I will publish a separate column on Zimring’s recommendations for what he refers to as ‘the mess’ of police gun violence. But don’t wait for my additional thoughts on this valuable and important book before reading it yourself. It needs to be read.


Is Gun Suicide A Form Of Gun Violence? You Betcha.

Gun suicide accounts for 2/3 of fatal gun violence every year.  Until recently I have always been somewhat uncomfortable lumping suicide and homicide together, if only because the nature of the event is so different, the ownership and access to the weapon is so different, hence one assumes that the mitigation strategies should be different.

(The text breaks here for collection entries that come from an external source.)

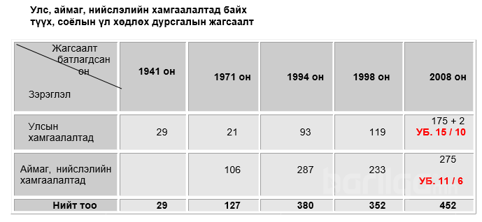 Манай улсын хувьд “Улс, аймаг, нийслэлийн хамгаалалтад байх түүх, соёлын үл хөдлөх дурсгалын жагсаалт”-ыг 1994 онд батлахдаа олон улсын жишгийн дагуу түүх, урлаг, шинжлэх ухааны үнэ цэнэ, ач холбогдлыг харгалзсанаас гадна түүхэн цаг хугацааг өөрийн орны онцлогт тохируулан 1924 оноос өмнө баригдсан уран барилга, түүхийн дурсгалт барилга байгууламжийг оруулахаар эрдэмтэн, судлаач, мэргэжилтний оролцсон Мэргэжлийн зөвлөлөөр тогтсон билээ.
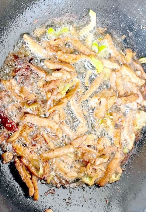 2.热锅凉油,油热后放入五花肉,中小火煸炒至出油、边缘微焦,盛出备用;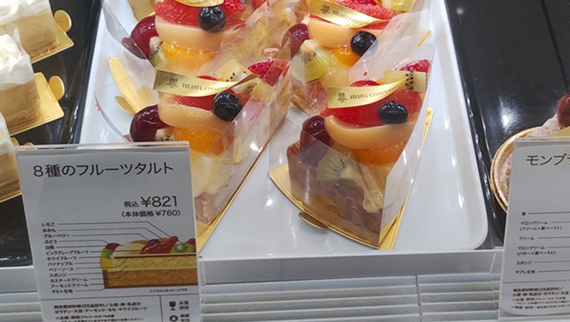 昨シーズンの写真と見比べてみると、全体の印象は変わらないものの、フルーツの大きさや高さが少しすっきりしたようにも感じました。それでも、華やかさやフルーツを楽しめる点は変わらず、見た目にも楽しいフルーツタルトです。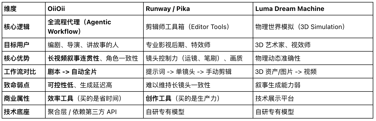 将OiiOii置于2025-2026年的AI视频生成市场坐标系中,其“差异化生存”的策略十分清晰。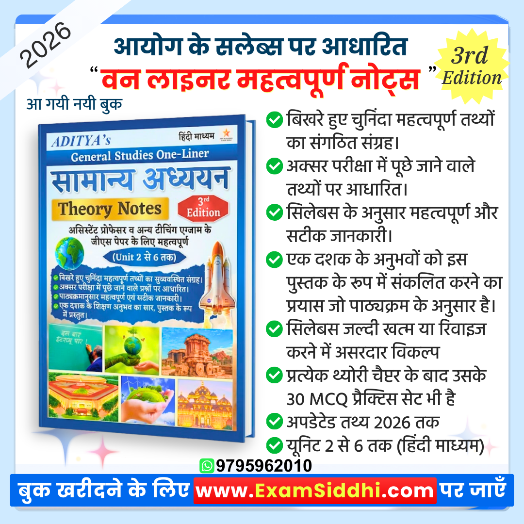 Aditya Sir (11+ वर्षों के GS विशेषज्ञता के साथ) द्वारा तैयार, यह किताब असिस्टेंट प्रोफेसर परीक्षा की तैयारी का आपका बेस्ट साथी है। आइए देखें इसमें क्या-क्या खास है: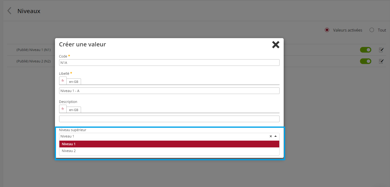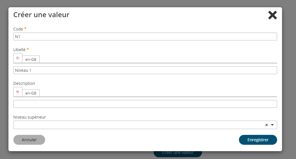 Les référentiels génériques permettent de créer des référentiels simples, sur un seul niveau, mais également des référentiels sous forme d’arborescence. Cette arborescence se créé en rattachant les valeurs ajoutées à des valeurs parentes via le champ “Niveau supérieur”.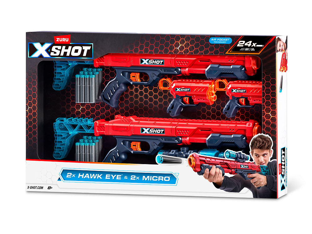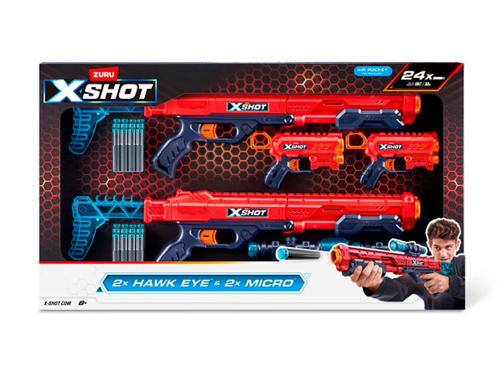 36734 Игровой набор ZURU X-Shot EXCEL: Комбо (бластеры 2х Хоукай + 2х Микро v2,0, 24 снаряда)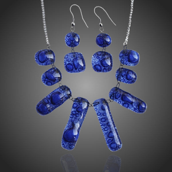 Nádherný originálny set v modrom prevedení s unikátnym bublinkovým dizajnom odolného skla v zaujímavom ladnom tvare. Antialergické. Vhodný na bežné nosenie aj na spoločenské udalosti.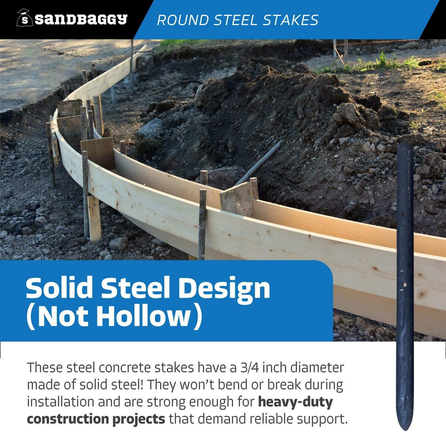 - SOLID STEEL DESIGN (NOT HOLLOW): These steel concrete stakes have a ¾ inch diameter made of solid steel! They won’t bend or break during installation and are strong enough for heavy-duty construction projects that demand reliable support.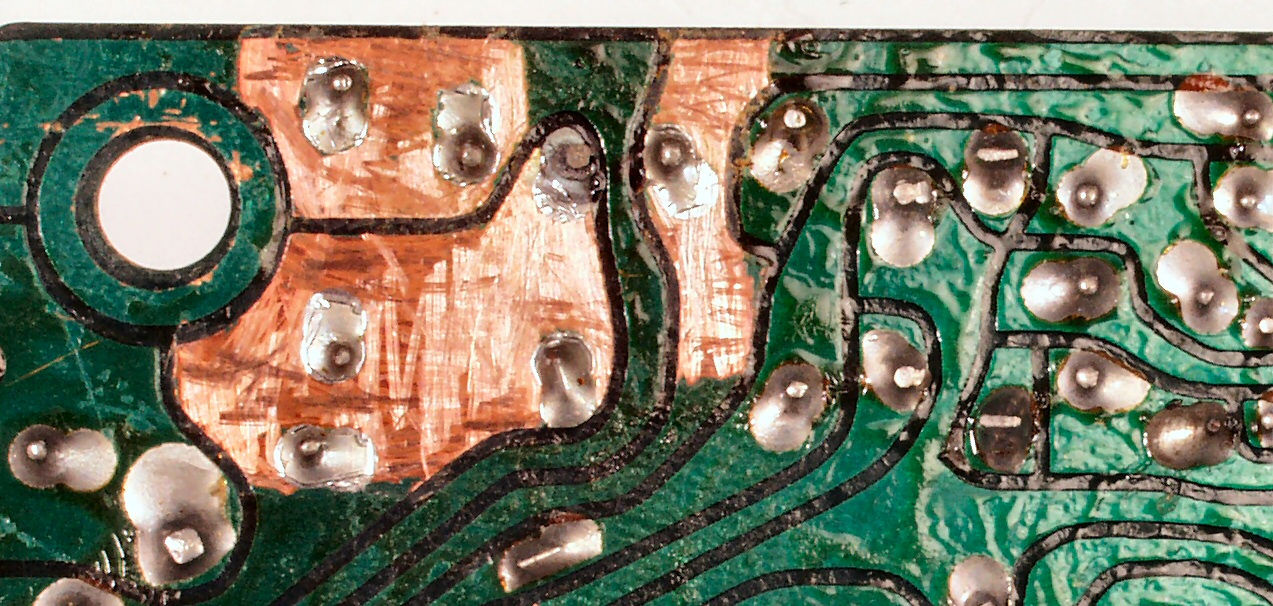 | C133. 修理中 基板裏、出力TR(トランジスター)の足の半田部分を広げ、放熱を良くする |
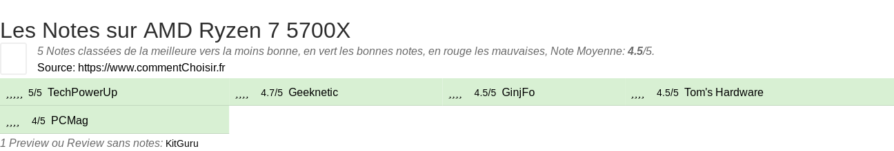 Les notes des sites et magazines internet peuvent etre peut-etre biaisés, au moins avec les avis client et des utilisateurs qui ont acheté AMD Ryzen 7 5700X sur amazon ou la fnac, on est sur d'avoir de vrais critiques sur ce produit. (les liens vers les magasins sont sponsorisés).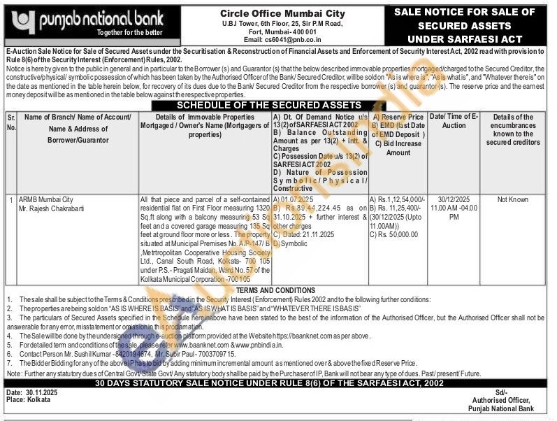All that piece and parcel of a self-contained residential flat on First Floor measuring 1320 Sq.ft along with a balcony measuring 53 Sq feet and a covered garage measuring 135 Sq feet at ground floor more or less. The property situated at Municipal Premises No. A/P-147/B Metrtropolitan Cooperative Housing Society Ltd., Canal South Road, Kolkata 700 105 under P.S.-Pragati Maidan, Ward No. 57 of the Kolkata Municipal Corporation-700105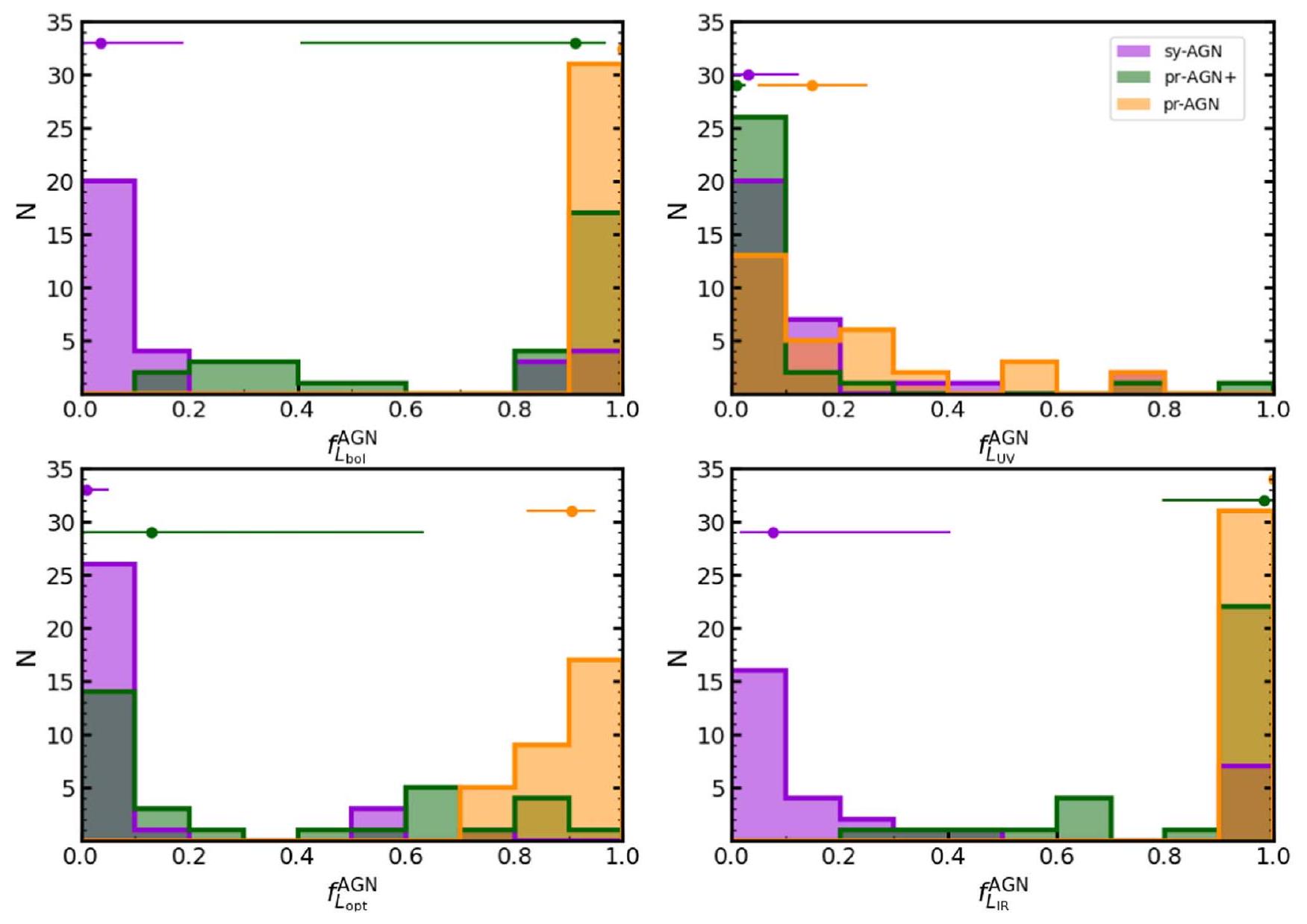 Figure 18 shows a similar result for MIRI undetected sources, the available data (limited to NIRCam) is well fitted by stars only. The upper limits for MIRI would be consistent with hot-dust emission from an AGN torus, but the current data are inconclusive.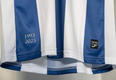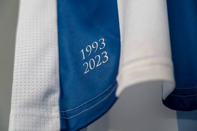 There is a “1993[-]2023” detail near to the hem and the kit will be completed with white shorts and socks.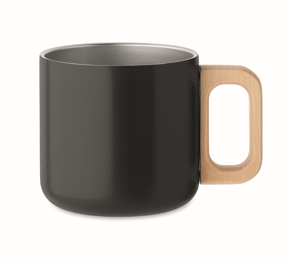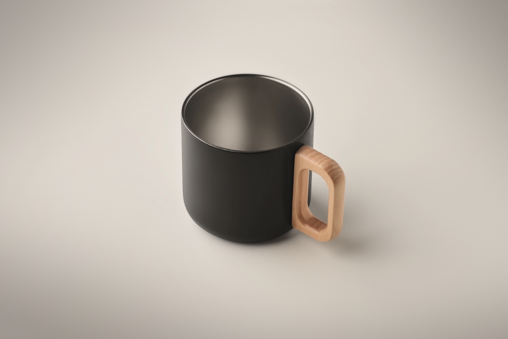 Dvoustěnný hrnek z recyklované nerezové oceli (90 % recyklované nerezové oceli a 10 % nerezové oceli) s dřevěným uchem. Objem: 350 ml. Rozměry: O 8,5 x 8 cm. Materiál: nerezová ocel

But following discussions with the expert suicide researchers at Harvard’s Injury Control Research Center and a review of peer-reviewed literature, I am persuaded that gun suicide is not only a fundamental gun violence problem, but understanding and responding to it might provide a map for mitigating gun homicides and gun assaults as well.

suicide foto               Gun suicides and gun homicides intersect In two basic ways: the lethality of the weapon and the motives and behavior of the shooter leading up to the incident itself.  As to the former, guns used in suicides result in a success rate of 95%.  No other suicide effort is half as effective in the final result.  As for homicide, obviously the “success” rate is only about 10%, but there is no other serious injury which comes close to generating the costs and trauma that results from being wounded with a gun.

As to behavior, the degree to which impulse governs the actions of everyone who shoots themselves or others with a gun should not be overlooked.  Less than 20% of all homicides occur during the commission of another, serious crime.  Most gun homicides grow out of a history of disputes between individuals who know each other and the incidence of domestic abuse in homicides where the victims are women is virtually 100%.  I recently discussed a report from the Violence Policy Center in which I noted that a random search of gun homicides committed by CCW-holders showed that virtually all of them grew out of arguments and fights, usually aggravated by too much to drink. Is there really a great difference between the guy who gets sick and tired of fighting with himself or sick and tired of arguing with his wife and reaches for his gun?  I don’t think so, and the research on suicide and homicide tends to bear me out.

What about mitigating strategies for both types of fatalities involving guns?  An article on suicide prevention among Israeli soldiers caught my eye because Israel is often touted by the pro-gun community as the model for giving civilians full access to guns with a consequent low rate of violent crime.  But the policy of allowing soldiers to keep their guns with them on weekend leave also resulted in an alarmingly high rate of suicide among these soldiers, which dropped by nearly 40% when soldiers had to leave their guns secured at their base while spending weekends at home.  Anyone who thinks there’s no connection between suicide and gun access needs to look honestly at what happened in Israel before and after access to guns was denied.

The pro-gun folks would like to believe that gun fatalities have nothing to do with guns and are all about crime.  There’s a simple logic to that argument except for the fact that every single gun involved in a criminal event first started out as a legal gun.  For that matter, most of the guns in suicides either were legally owned by the suicide victim or belonged to another family member who legally purchased the gun.

The usual response from the gun-safety community is to push for an expansion of CAP laws, and clearly such laws do have a mitigating effect when it comes to keeping kids away from guns.  But let me break the news to you gently – the big problem with such laws is that the only way that someone can use a gun is to unlock where the gun is stored or unlock the gun itself.  And the problem we face with both gun suicides and gun homicides is figuring out how to spot the impulsive, destructive behavior of certain people before they get their hands on a gun.